Desvios indesejáveis
Fux rechaçou as justificativas apresentadas pelo legislador para a inclusão dos
dispositivos no texto normativo, que foram impedir o crescimento do mercado
informal de comercialização de outorgas e a suposta vulnerabilidade das
famílias dos taxistas quando do seu falecimento.
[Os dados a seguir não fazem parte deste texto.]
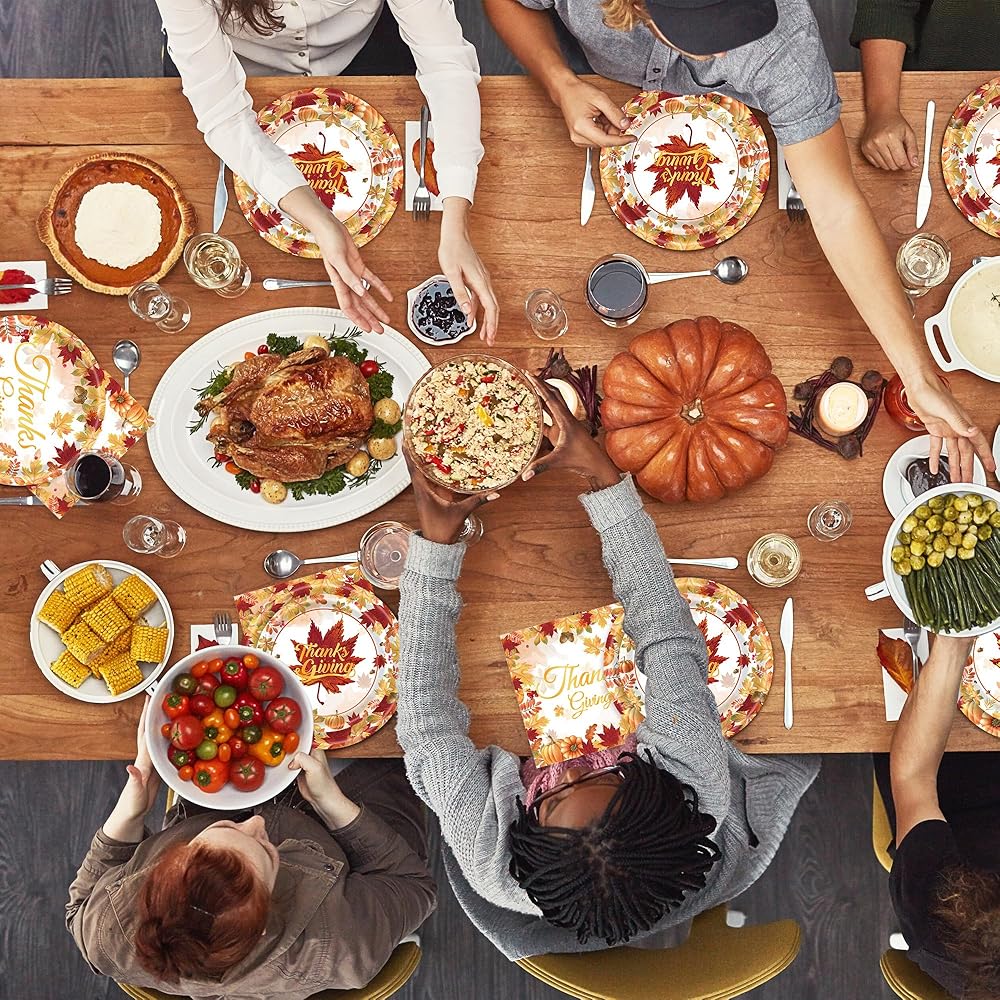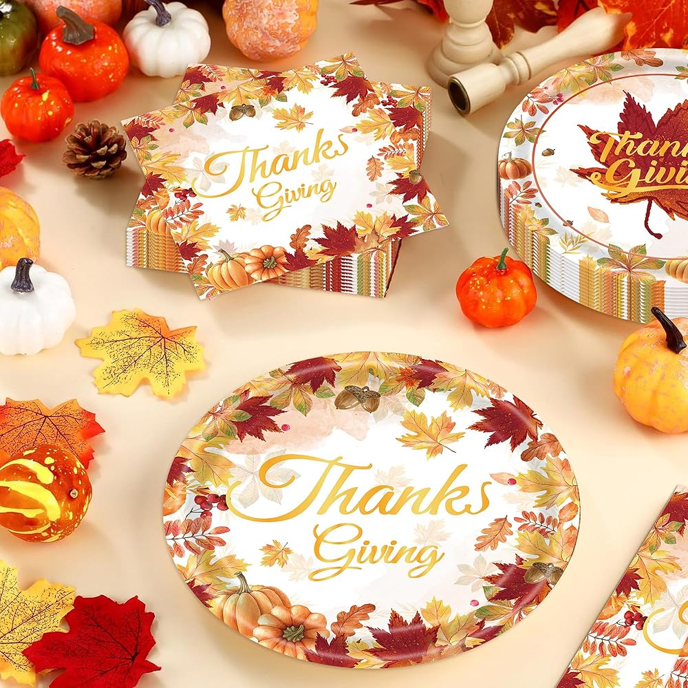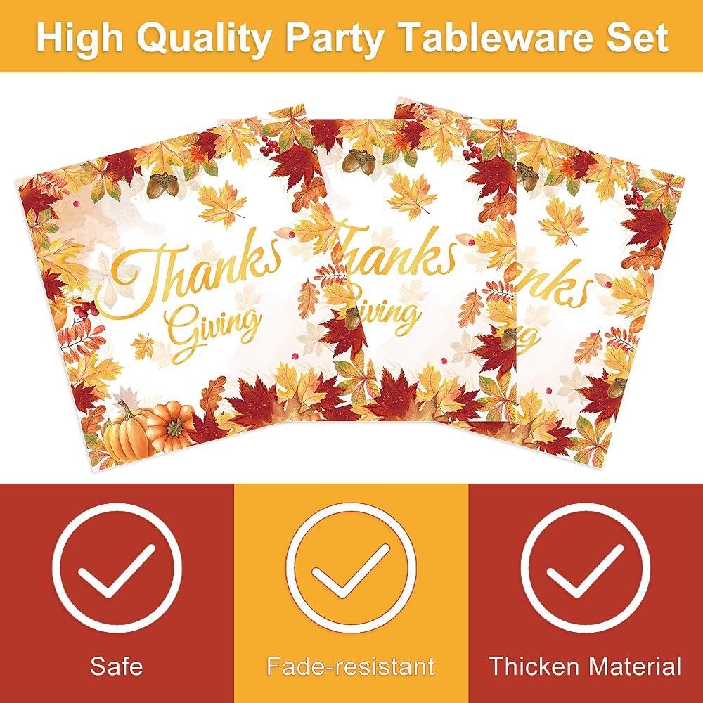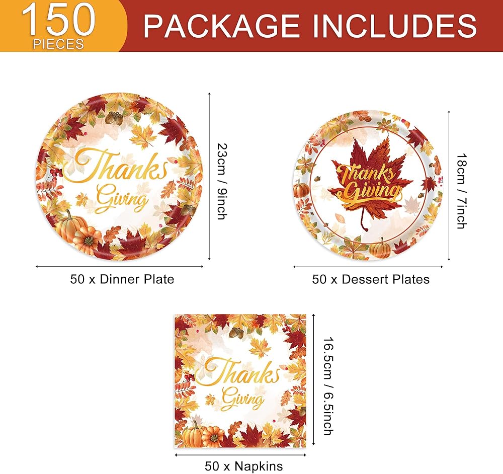 مجموعة لوازم حفلات عيد الشكر تتضمن لوازم حفلات الخريف أطباق العشاء وأطباق الحلوى والمناديل لتقديم الشكر وأوراق القيقب وديكورات الحفلات تكفي 50 (150 قطعة)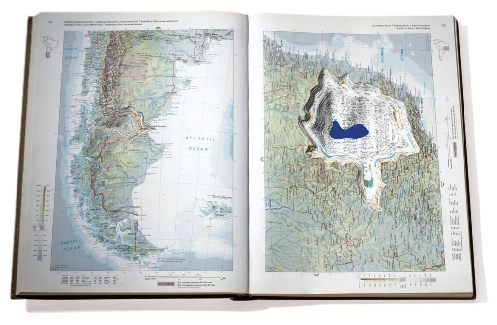 Maya Lin, Atlas Landscape, Rand McNally, The New International Atlas (Paisaje atlas, Rand McNally, El nuevo atlas internacional), 1981, 2006. Fotografía de G.R. Christmas. © James Cabot Ewart. Cortesía de Pace Gallery.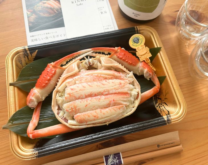 カニ料理を引き立てる日本酒「KAMOGATA」は、お米の香りとなめらかな喉越しが越前ガニの濃厚な旨味にぴったり寄り添ってくれていました。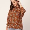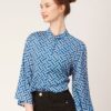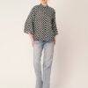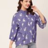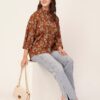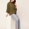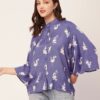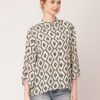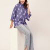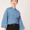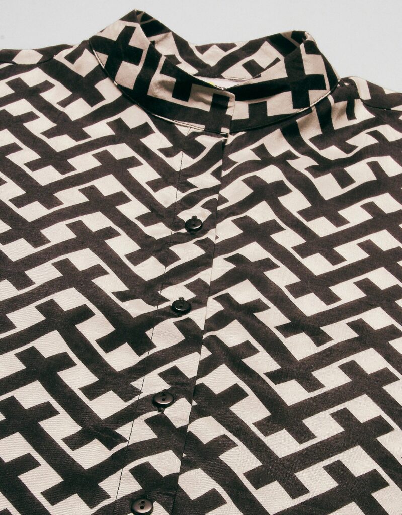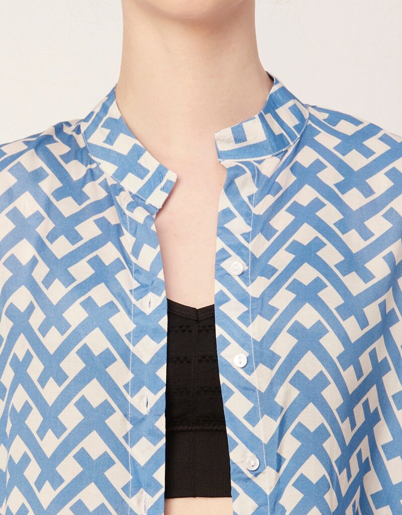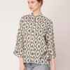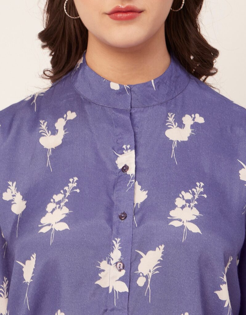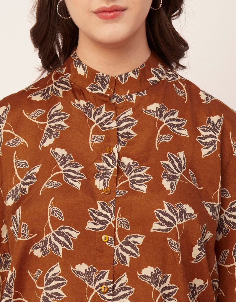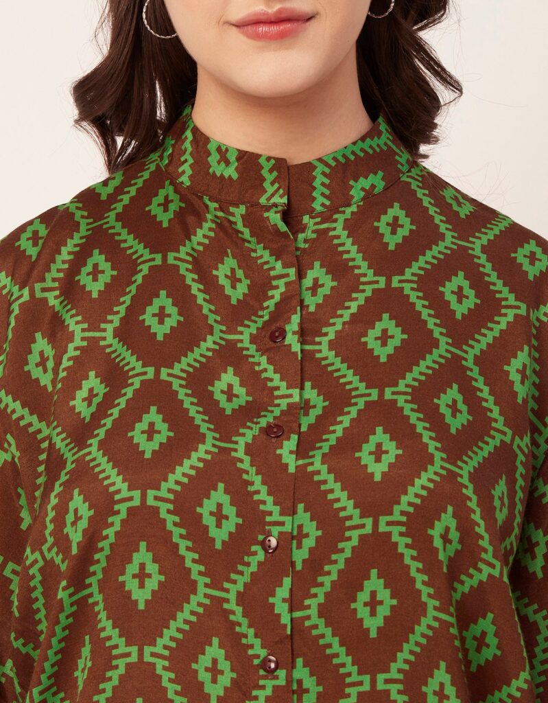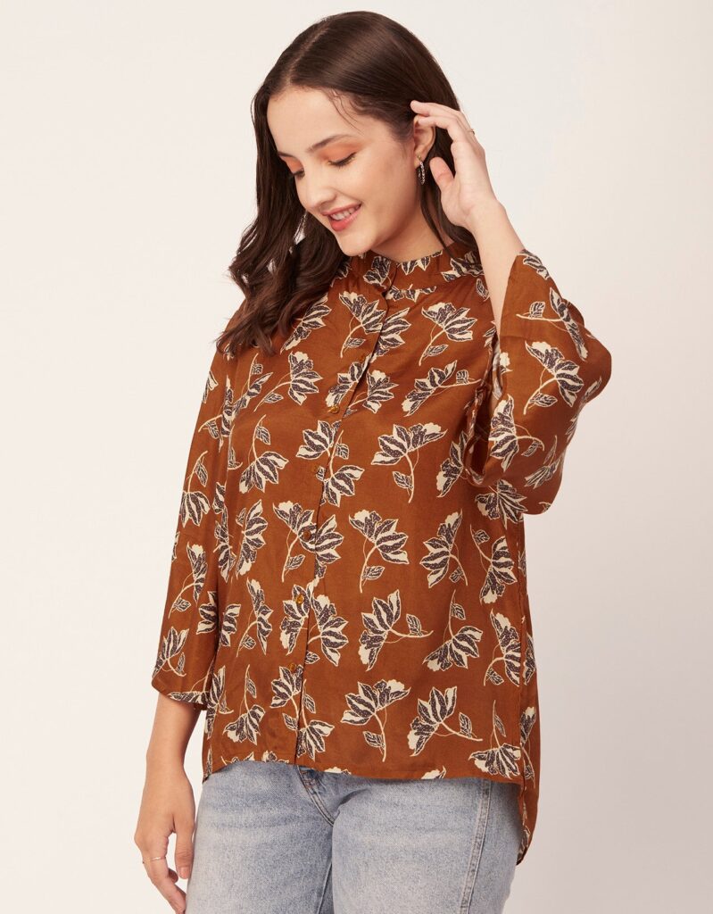 Tags: Oversize Shirt For Women, Summer Tops, Loose Fit Shirt, Mandarin Collar Shirt For Women, Printed Casual Shirt, Button Down Shirt, Long Bell Sleeve Top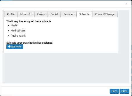 The subjects that the library staff member entered, if any, are displayed. Click Add more to add another subject. You can continue to click Add more as needed.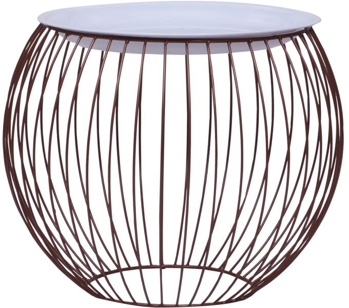 Váz színe: arany Asztallap színe: fehér Anyaga: fém, MDF Asztal mérete: 51 x 41 cm (Átmérő x Ma) Ez az egyedi, kosaras kialakítású dohányzóasztal különleges kiegészítője lesz otthonának. Tárolókosárként, kisasztalként, tálalóasztalként stb. is használható. Az MDF asztallap stabil és sima felülete biztonságos helyet kínál italai, gyümölcskosarai, újságai, táv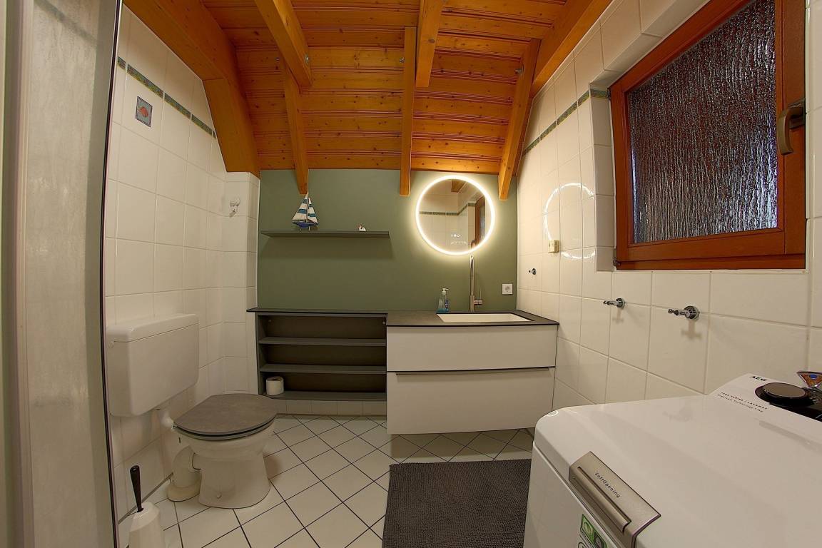 Im Obergeschoss befinden sich zwei Schlafzimmer mit einmal Doppelbett, TV und Babyreisebett und eins mit zwei Einzelbetten. Ebenfalls befindet sich ein WC im Obergeschoss. Das Obergeschoss ist mit hellem eldlen Holz vertäfelt und PVC Boden ausgestattet.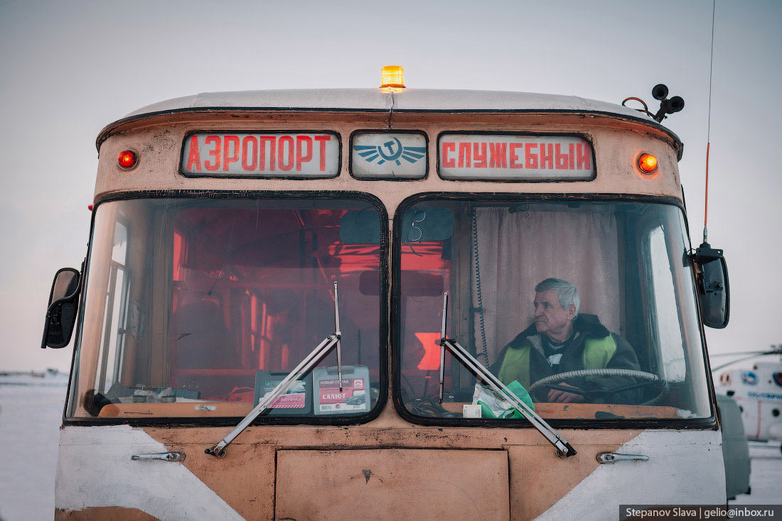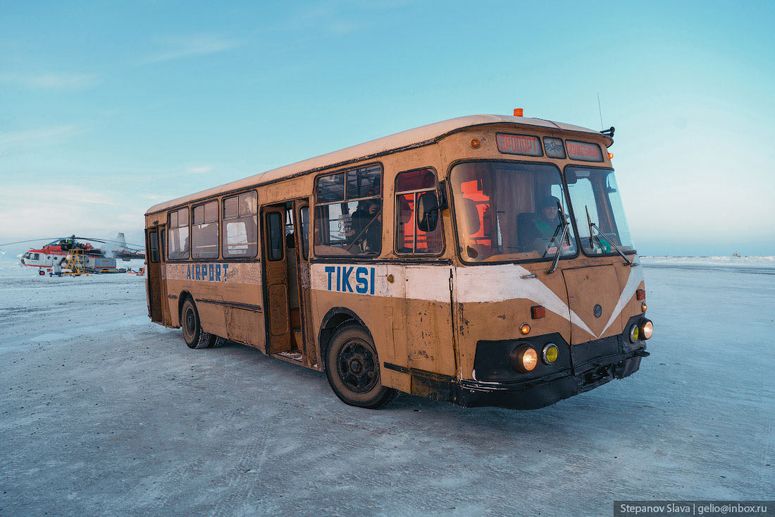 68. Автобус ЛиАЗ-677П «Луноход» в аэропорту Тикси.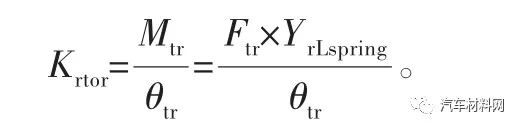 式中:Krtor为车架的后扭刚度,(N·m)/(°);Mtr为后扭工况的力矩,N·m;Ftr为后扭工况单边载荷,N;YrLspring为后板簧(中线)距离,m;θtr为后端扭转角,(°)。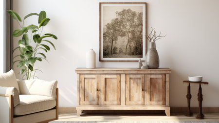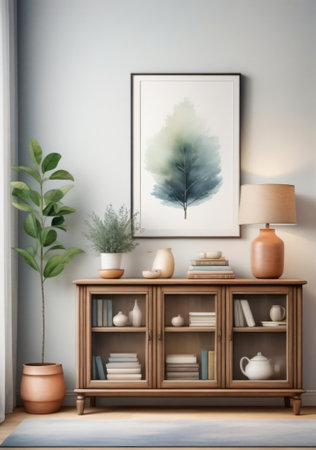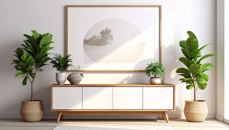 Interior of modern living room with wooden commode, plants and poster

Para o relator, a transferência do
direito à exploração do serviço aos sucessores, mesmo que pelo tempo
remanescente do prazo da outorga, com anuência do poder público municipal e
atendimento dos requisitos fixados para o serviço, implica tratamento
preferencial, não extensível a outros setores econômicos e sociais. A regra,
segundo ele, impõe séria restrição à liberdade de profissão e à livre
iniciativa de terceiros, pois não há qualquer indicação e uma especial
vulnerabilidade a ser suprida pelo Estado comparativamente a outros segmentos
econômicos e sociais.
Segundo ele, ainda que tenha sido
motivada por nobres intenções, a norma gerou desvios indesejáveis, ao
transformar a outorga em bem patrimonial. Essa situação, a seu ver, não se
coaduna com a precariedade que usualmente caracteriza as autorizações.
Incentivos perversos
Quanto à livre comercialização das outorgas, o presidente do STF destacou que
ela permite aos detentores auferir proveitos desproporcionais na venda a
terceiros, contribuindo para a concentração de mercado e gerando
"incentivos perversos" para a obtenção das autorizações, não com
a finalidade de prestação de um serviço de qualidade, mas para a mera
especulação econômica. Ele afirmou, também, que o sobrepreço na comercialização
da outorga dificulta o acesso à exploração do serviço por interessados com
menor poder aquisitivo, o que contribui para que motoristas não autorizatários
sejam submetidos a condições mais precárias de trabalho, ao alugar veículos e
operar como auxiliares dos detentores das outorgas.
Princípios
Segundo Fux, não são toleradas, num Estado Democrático de Direito, escolhas
normativas e gerenciais que se afastem do artigo 37, caput, da Constituição,
segundo o qual a administração pública obedecerá aos princípios de legalidade,
impessoalidade, moralidade, publicidade e eficiência. Para o ministro, mesmo
que a regra constitucional da licitação seja inaplicável, os critérios para o
acesso à outorga do serviço de táxi devem ser objetivos, impessoais e
isonômicos.
Por fim, o relator destacou que o
fato de a transferência estar condicionada à prévia anuência do poder público
municipal e ao atendimento dos requisitos fixados para a outorga e limitada ao
prazo remanescente não supre os vícios apontados. "Evidentemente, não
seria possível que o particular realizasse a cessão da outorga por prazo
superior àquele obtido para si. Tampouco poderia fazê-lo para pessoas que não
pudessem explorar a atividade econômica por recaírem em alguma vedação
legal", concluiu.
O voto do relator pela procedência da
ADI foi seguido pelos ministros Gilmar Mendes, Cármen Lúcia, Ricardo
Lewandowski, Nunes Marques, Roberto Barroso e Rosa Weber. Foram invalidados os
parágrafos 1º, 2º e 3º do artigo 12-A da norma, com a redação dada pela Lei
12.865/2013.
Divergência
Ficaram vencidos os ministros Edson Fachin, Alexandre de Moraes, Dias Toffoli e
Marco Aurélio. Para essa corrente, a transferência do direito à exploração de
serviços de táxi, em vida ou com a morte do detentor da outorga, foi opção
encampada pelo Poder Legislativo dentro das margens do regramento
constitucional. Com informações da assessoria do STF.
Fonte: Conjur.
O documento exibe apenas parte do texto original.